Improved Variant Calling Accuracy by Merging Replicates in Whole-Exome Sequencing Studies

1Division of Epidemiology, Department of Medicine, Vanderbilt Epidemiology Center, Vanderbilt-Ingram Cancer Center, Vanderbilt University School of Medicine, Nashville, TN 37203, USA
2Department of Molecular Physiology and Biophysics, Center for Human Genetics Research, Vanderbilt University School of Medicine, Nashville, TN 37232, USA
3Department of Biostatistics, Vanderbilt University School of Medicine, Nashville, TN 37232, USA

Received 28 May 2014; Revised 15 July 2014; Accepted 15 July 2014; Published 4 August 2014

Academic Editor: Ernesto Picardi

Copyright © 2014 Yanfeng Zhang et al.
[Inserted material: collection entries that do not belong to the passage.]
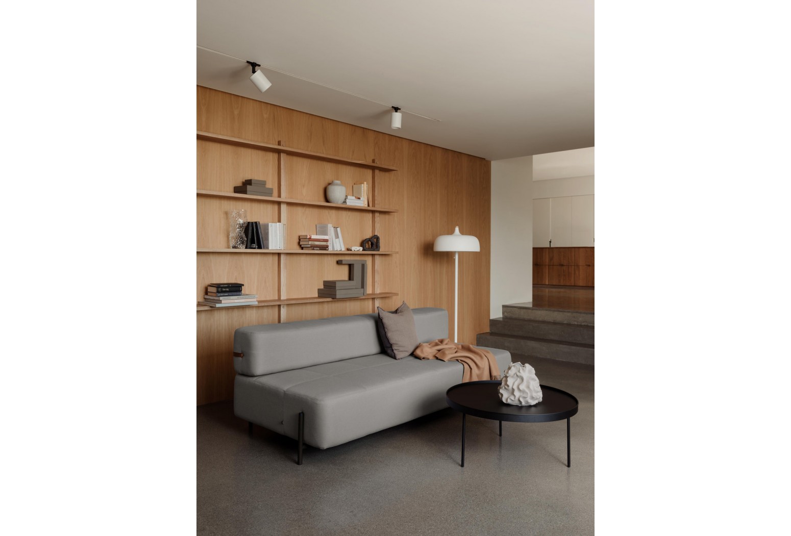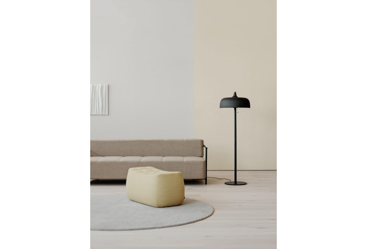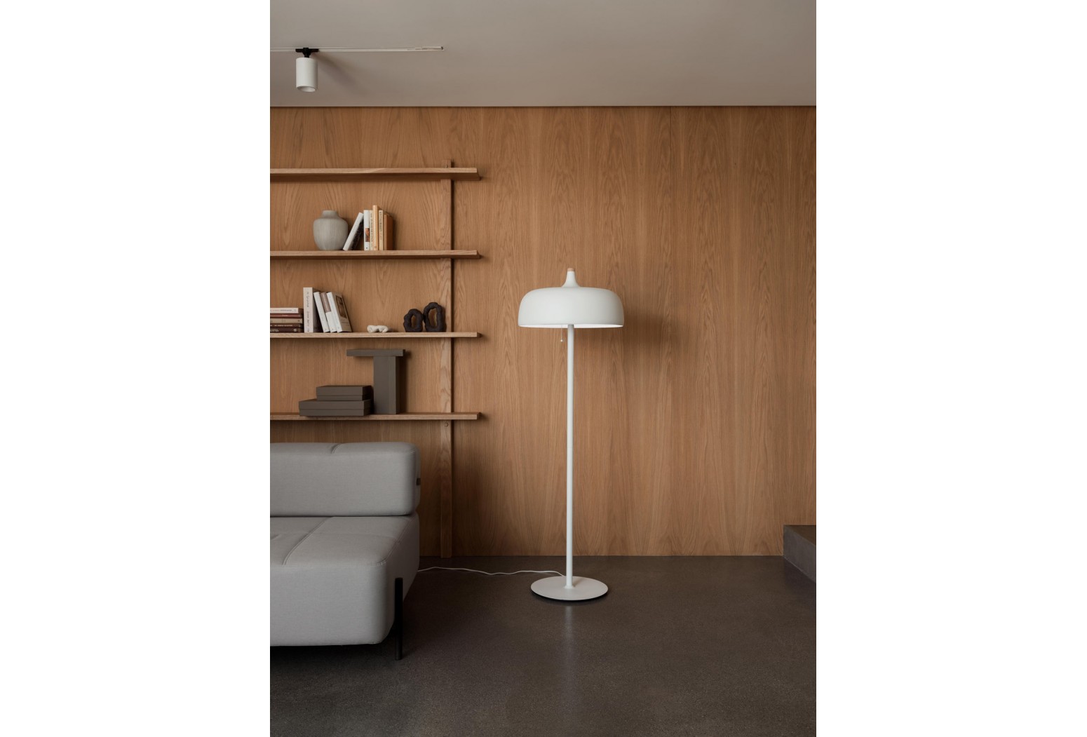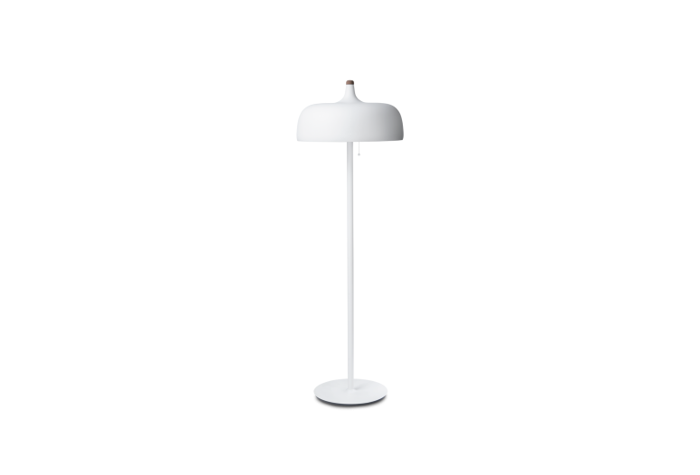 K dispozici v bílé, tmavě šedé a černé povrchové úpravě, stojací lampa Acorn má na hliníkovém stínidle teplé bukové a ořechové detaily spolu s pěkným vypínačem. Napájecí kabel je také ukrytý v čistém hedvábném šňůru.
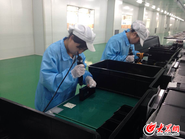 27日下午,聚焦“一圈一帶”第十屆中國網(wǎng)絡(luò)媒體山東行采訪團(tuán)來到山東聊城茌平瑞華電子科技有限公司采訪,圖為瑞華電子工人在測試組裝好的產(chǎn)品。記者 馬俊驥 攝
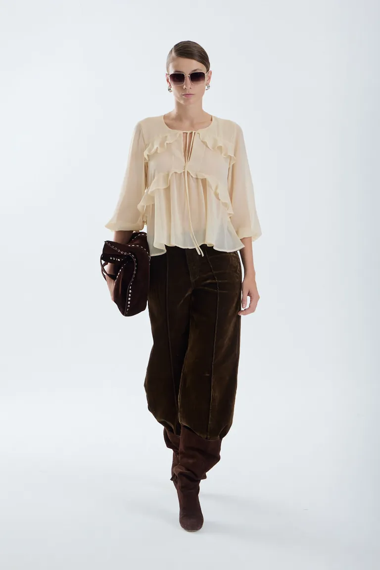 Top de calce holgado y ligero con volados en el frente. Presenta un escote redondo abierto con un lazo fino para anudar y mangas con volumen rematadas en puños elastizados. Una prenda versátil y delicada para sumar elegancia a tus conjuntos diarios.
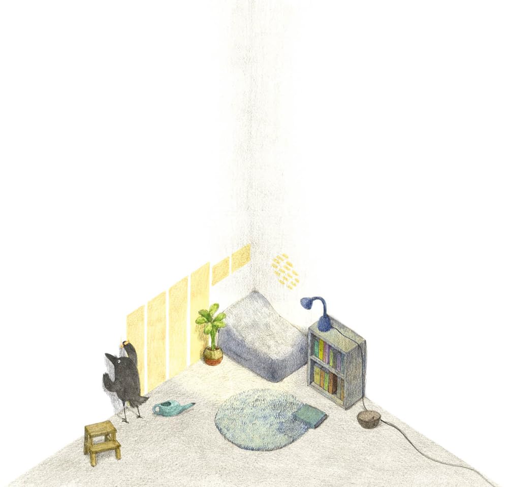 Quando si è veramente felici? Forse quando abbiamo tutto ciò che ci serve? La poltrona nuova, o la pianta che cresce rigogliosa, ci rendono veramente felici? Ci appagano? E allora perché il corvo continua a sentire che qualcosa è assente nel suo bell’angolo perfetto?
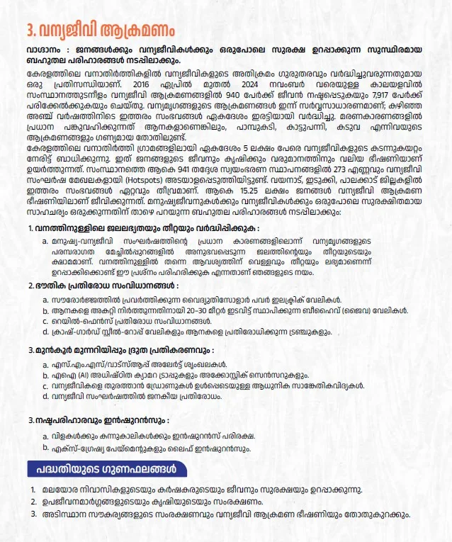 തിരുവനന്തപുരം: കേരളത്തിലെ വനാതിര്‍ത്തികളില്‍ ഏകദേശം അഞ്ച് ലക്ഷം പേരെ വന്യജീവികളുടെ കടന്നുകയറ്റം നേരിട്ടു ബാധിക്കുന്നു. ഇത് ജനങ്ങളുടെ ജീവനും കൃഷിക്കും വരുമാനത്തിനും വലിയ ഭീഷണിയാണ് ഉയര്‍ത്തുന്നത്. മനുഷ്യജീവുകള്‍ക്കും വന്യജീവികള്‍ക്കും ഒരുപോലെ സുരക്ഷിതമായ സാഹചര്യം ഒരുക്കും.
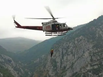 El helicóptero de Cantabria rescató el sábado por la tarde a dos personas con posible fractura de tobillo.
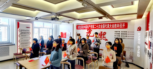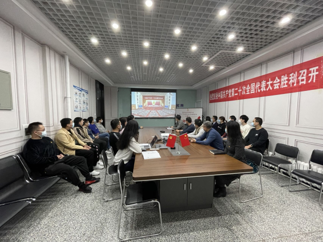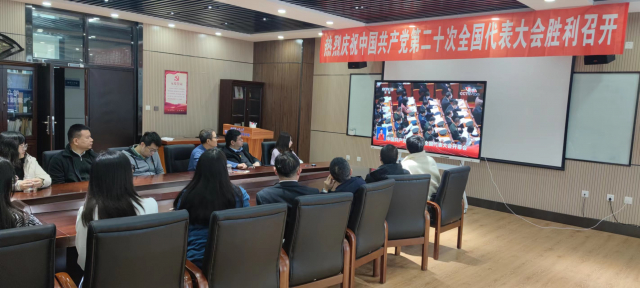 现场热烈庆祝中国共产党第二十次全国代表大会胜利召开的横幅和鲜红的党旗悬挂于会议室中,观看现场的气氛庄重而热烈。

This is an open access article distributed under the Creative Commons Attribution License, which permits unrestricted use, distribution, and reproduction in any medium, provided the original work is properly cited.

Abstract

In large scale population-based whole-exome sequencing (WES) studies, there are some samples occasionally sequenced two or more times due to a variety of reasons. To investigate how to efficiently utilize these duplicated sequencing data, we conducted comprehensive evaluation of variant calling strategies. 92 samples subjected to WES twice were selected from a large population study. These 92 duplicated samples were divided into two groups: group H consisting of the higher sequencing depth for each subject and group L consisting of the lower depth for each subject. The merged samples for each subject were put in a third group M. Using the GATK multisample toolkit, we compared variant calling accuracy among three strategies. Hierarchical clustering analysis indicated that the two replicates for each subject showed high homogeneity. The comparative analyses on the basis of heterozygous-homozygous ratio (Hete/Homo), transition-transversion ratio (Ti/Tv), and overlapping rate with the 1000 Genomes Project consistently showed that the data quality of the SNPs detected from the M group was more accurate than that of SNPs detected from the H and L groups. These results suggested that merging homogeneous duplicated exomes instead of using one of them could improve variant calling accuracy.